“Don’t bother to lie to me.” There was a vein of hurt in her voice, as though she knew what he had intended.

Callan crossed his arms over his chest. He narrowed his eyes on her and let his frustration free in a harsh, rumbling growl that he hadn’t intended to give voice to. The low snarl, catlike in sound, dangerous in purpose, filled the air.

He watched the woman blink. The pictures fluttered from her hand, the heat of her body rose, the scent of it thicker, mixed now with fear. The pictures lay on the floor now, incriminating, damning. Callan, as a child, a thick lion’s fur covering his body, his eyes, amber gold and bright, shining into the camera. The fur had slowly fallen away, until only a smooth, light scattering of fine, nearly invisible, ultra soft hair remained. The other was a sonogram, and Callan knew pertinent information was recorded on the back of it. Blood type, DNA sequence, anomalies. All recorded. All nails in a coffin that Merinus Tyler could help build.

* * * * *

Merinus watched the tall, powerful man as he bent and scooped the pictures from the floor. His face was expressionless, his eyes hard, brilliant amber in the tan darkened features of his face. She hadn’t intended to show him the proof she carried with her, but she had known he was ready to lie to her. The knowledge had vibrated through her body. Lie. The word had been like a whisper, dark and vibrating. But Merinus had proof. She hadn’t come to him with supposition and half-truths. The evidence Maria Morales had sent John Tyler had been conclusive, irrefutable. But to bring truth to the test results and pictures, they needed the man. She hadn’t meant to drop the pictures, but the smooth rumble of warning from his throat had been more than a surprise

“Maria was like a little packrat,” he sighed, shaking his head as he stared down at the pictures. Long, thick, coarse, tawny gold hair lay below the nape of his neck, framing a sharply lined face, savage in its angles. Wide, tilted eyes, thick lashes and cheekbones with an odd flattened angle where they should curve high and sharp. His nose was aristocratic, but the ridge seemed smoothed out, much as the cheekbones were.

Merinus ignored the hard beat of her heart as he finally looked at her. Her womb tightened uncomfortably, making her cunt clutch and protest the emptiness there. It was unusual, this sensation. She was well aware it was arousal washing over her. It made her breasts feel swollen, made her nipples harden uncomfortably, and those unusual eyes did not miss the reaction.

“She asked Father to help you,” she said, trying to cover her nervousness. “He wants you to come in with me. He has safeguards set up—”

He laughed. His lips twisted into a humorless curve and the bitterness in the sound struck at her heart. He shook his head, his gaze mocking.

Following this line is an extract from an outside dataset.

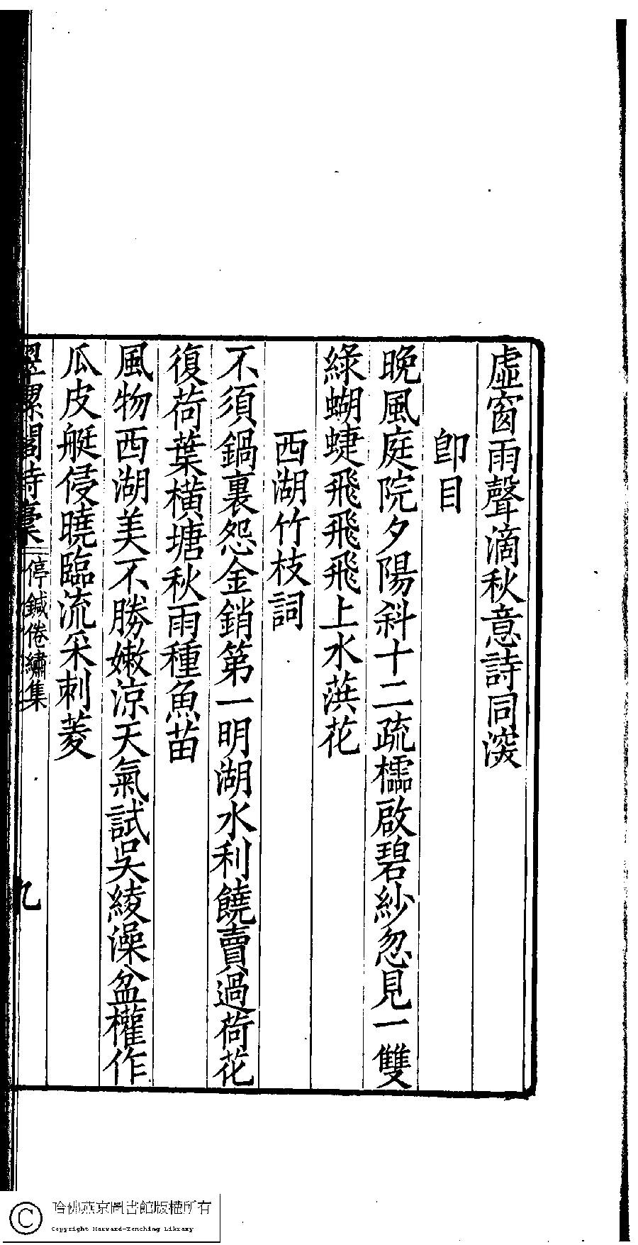 | (PRINT FRIENDLY VERSION) 翠螺閣詩詞稾﹕五卷﹐附舞鏡集﹕一卷(清凌祉媛撰)。清咸豐四年(1854)刻本。 ![]() Page : 詩稿.1.9a | click for larger image | Back |

“If this is why you have come here, Ms. Tyler, then you have wasted your time.” Gone was the good ole boy, in its place a cold, hard creature. She saw it in the tense readiness of his large body, the flash of sharpened incisors at the sides of his mouth.

“You aren’t safe,” she told him worriedly. “Our research into this has uncovered a plot to kill—”

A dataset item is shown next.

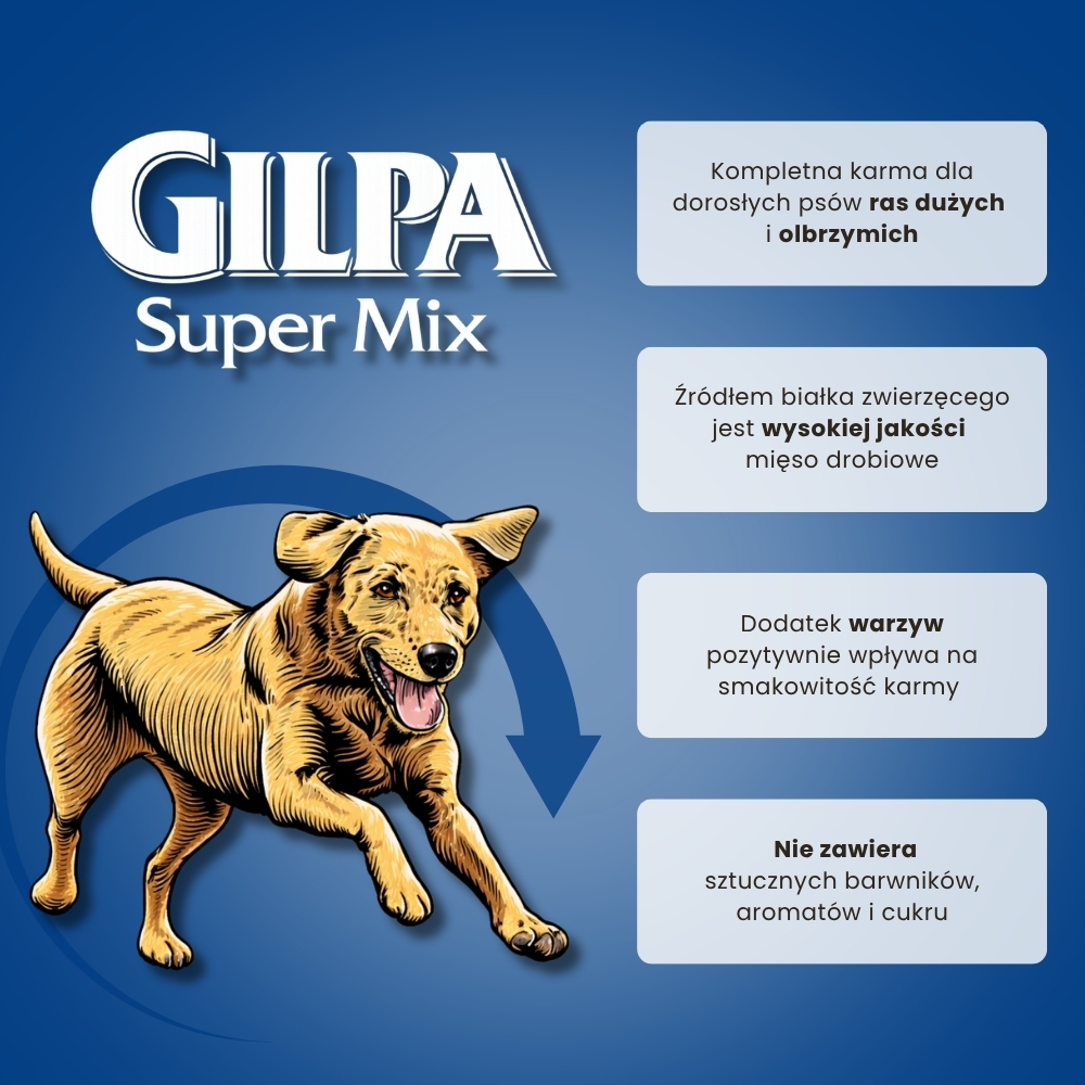 Gilpa Super Mix to doskonale zbilansowana, kompletna sucha karma dla dorosłych psów wszystkich ras. Starannie opracowana receptura zawiera pyszne mięso z kurczaka, ryż, marchewkę i ziemniaki. Zawiera 20% białka, 10% tłuszczu — bez sztucznych barwników, aromatów i cukrów. Wzbogacona o przeciwutleniacze wspomagające zdrowy układ odpornościowy oraz kwasy omega 3 i 6. Chrupiące krokiety wykonane z najlepszych składników pomagają utrzymać zęby w czystości.

“And eventually they will succeed.” He shrugged as though unconcerned. “When they do, steal the body and write your story and good luck to you in living. Until then, I need no help of yours.”

Surprise flared inside her.

“You don’t intend to try to stop them? To keep this from happening again?”

“It has already happened again and again and again,” he told her coldly. “They used wolves as well. To my knowledge, I am the only known success they have achieved.”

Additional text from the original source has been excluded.